Quotulatiousness

May 9, 2012

A call to ban college football

Filed under: Economics, Education, Football, Government, Media, USA — Tags: , , , — Nicholas @ 00:02

This Wall Street Journal piece by Buzz Bissinger is guaranteed to stir up controversy:

In more than 20 years I’ve spent studying the issue, I have yet to hear a convincing argument that college football has anything do with what is presumably the primary purpose of higher education: academics.

That’s because college football has no academic purpose. Which is why it needs to be banned. A radical solution, yes. But necessary in today’s times.

[. . .]

Who truly benefits from college football? Alumni who absurdly judge the quality of their alma mater based on the quality of the football team. Coaches such as Nick Saban of the University of Alabama and Bob Stoops of the University of Oklahoma who make obscene millions. The players themselves don’t benefit, exploited by a system in which they don’t receive a dime of compensation. The average student doesn’t benefit, particularly when football programs remain sacrosanct while tuition costs show no signs of abating as many governors are slashing budgets to the bone.

If the vast majority of major college football programs made money, the argument to ban football might be a more precarious one. But too many of them don’t—to the detriment of academic budgets at all too many schools. According to the NCAA, 43% of the 120 schools in the Football Bowl Subdivision lost money on their programs.

The other big beneficiaries of the college football system is, of course, the NFL. Unlike baseball or NHL teams, it doesn’t have to maintain a “farm team” league or leagues to provide training and play opportunities for would-be professional football players. This burden, instead, is carried by the taxpayer as part of their share of higher education.

2 Comments

  1. Of course most of the player benefit. I would be surprised if any one of the football players actually pay for their education. Not every player makes the NFL, therefore many players get a free education by playing football. I am sure there are other sports that offer free education, I think one of my acquaintances’ daughters is going to university in Nova Scotia on a hockey scholarship.
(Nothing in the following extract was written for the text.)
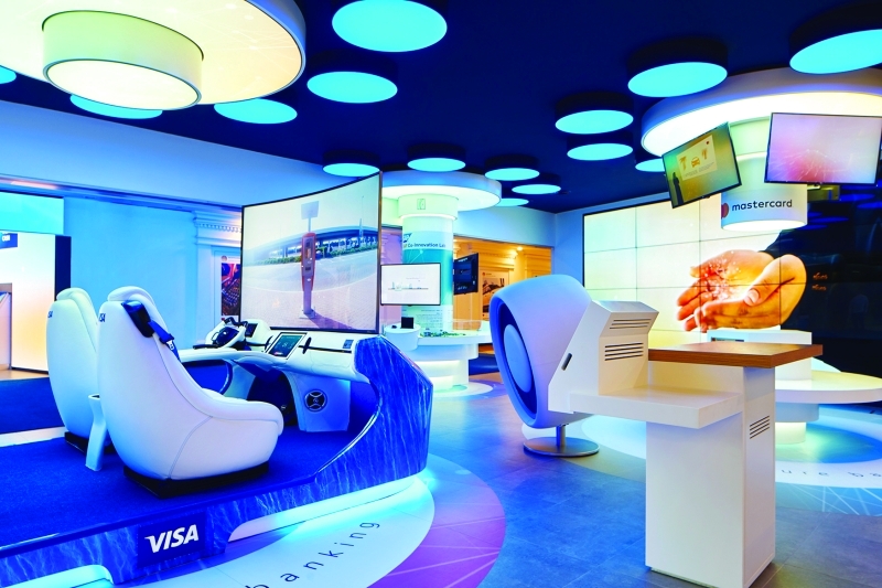 وبخاصة في قطاع الخدمات المصرفية للأفراد. ويكمن التحدي الذي يواجهه القطاع المصرفي للمستقبل القريب في تعديل المستويات المتعددة من تمكين خدمات المستهلكين في تحقيق التوازن المثالي بين التقنيات الرقمية والتفاعل البشري في قنوات التعامل مع العملاء، ومن الأمثلة على ذلك بنك المشرق الذي يستعد ليكون بنكاً بلا فروع بحسب رئيسه التنفيذي عبد العزيز الغرير. ففي المستقبل ستجرى 95% من العمليات خارج الفروع إلا أن فكرة البنك بلا حدود لا تزال غير موجودة اليوم».

    And I don’t know if the taxpayers in the USA are paying as much as Canada, that would be worth a good look.

    Comment by Dwayne — May 9, 2012 @ 00:22

  2. It’s a mixed blessing, however. Some players definitely benefit by getting a full or partial scholarship for their athletic talents, and get a useful degree out of it. That seems to be more true in sports other than basketball and football. Some schools manage to graduate less than half their football and basketball players (not counting the tiny minority who enter the pro draft in their junior year), and many of those degrees are in fields that do not offer much in the way of employment opportunities after university.

    Worse, in some schools, the player loses all support immediately if they are dropped from the team, which gives the coach a huge lever to enforce attention to sports activities over academic work (it’s a cliché that the star players barely have to attend their “normal” classes, but the cliché came about for a reason).
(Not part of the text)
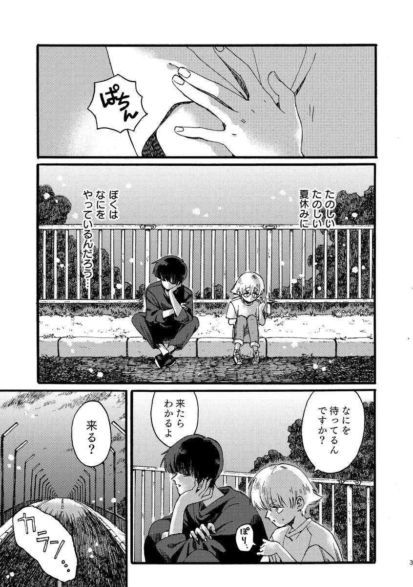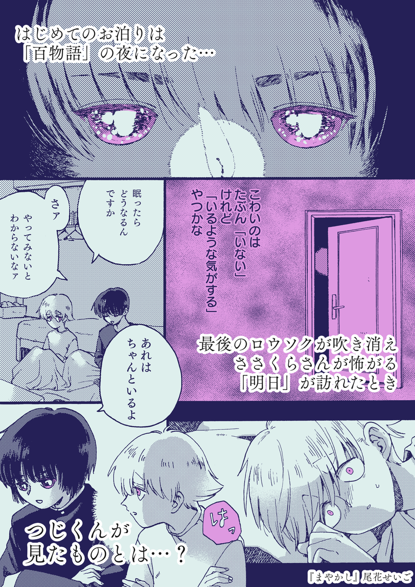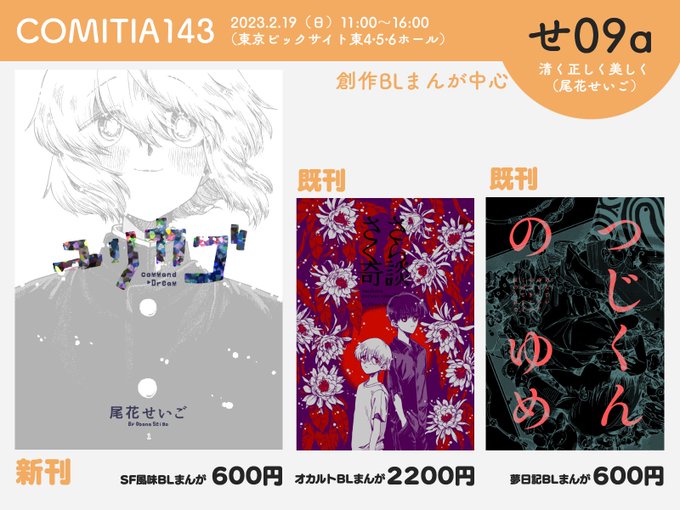 2/25~26 #創作BLオンリー関係性自論2 (@kankeiseijiron)に参加します! pictsquare.net/hoaynhl3lpohss… 【全年齢Bエリア う3】清く正しく美しく ビミョウな距離感の少年とお兄さんのまんが多め。 オカルティックなお話も多め。 最新刊は夢を見せる機械と青年たちのお話です。 よろしくお願いします!

    It’s a rotten system, especially for students from poor families: in exchange for the chance at a possibly meaningless degree, they become indentured servants to their head coach for four years. The carrot of a lucrative pro career which less than 1% of all college athletes will ever get close to (and most of them will not be signed to contracts).

    We don’t have gladiator schools — gladiators were technically slaves — we’ve found a subtler method of recruiting our gladiators.